The following columns where deleted with an explanation as to why. “At Scene Time”, because it has too many missing values and does not relate to the purpose of the analysis. “Initial Type Group”, “Initial Type Subgroup”, and “Initial Type Description” where deleted because they reflect the initial but not necessary verified incident descriptions. “Incident Location”, “Latitude”, and “Longitude” columns where deleted because they are redundant to the indicated sectors and unnecessary for management to utilize. The “Census Tract” column could be used later as a metric for police officer number proportioning, however, not required for the task.

“Zone /Beat” and “Hundred Block Location” are redundant because the bigger picture i/e “District/ Sector” column is what is need for this analysis. The columns, “Event Clearance Description” and “Event Clearance Subgroup” are redundant and too finely drilled down for this exploration; the “Event Clearance Group” column appears to be the top of the hierarchy and implies the final result as it received a code as compared to the “Initial Type Group”. The columns: “Event Clearance Code” was deleted due to brevity requiring a dictionary type look up. Plus, the “Event Clearance Group” descriptions will be less visually confusing on the following bar graphs. Lastly, the “Cad Event Number” and “General Offense Number” columns where deleted due to brevity and would cause visual confusion to graphs.

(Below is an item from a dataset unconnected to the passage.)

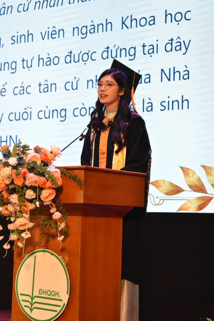 Đại diện các tân cử nhân phát biểu trong chương trình.

A total of four columns remain for analysis: “CAD CDW ID”, “Event Clearance Group”, “Event Clearance Date”, “District/Sector” and “OFFICERS_AT_SCEENE”. Upon checking for duplicate values, there are no apparent duplicate values as it pertains to the CAD CDW ID; all CAD CDW ID numbers are unique. Upon searching for null values, one was located with a blank sector bearing the CAD CDW ID of 1702543, the row was deleted. Up to this point the data appears to be clean, with unique CAD CDW ID numbers and no erroneous record are evident. The current data size is 1046 rows and five columns. Furthermore, the “Event Clearance Date” column, which has a date / time format, was split to sperate the date from the times. This was done so there would be less confusion on the visualization, since every date time stamp for the three days is unique and counter to analysis. Therefore, only the date is remaining in the “Event Clearance Date”.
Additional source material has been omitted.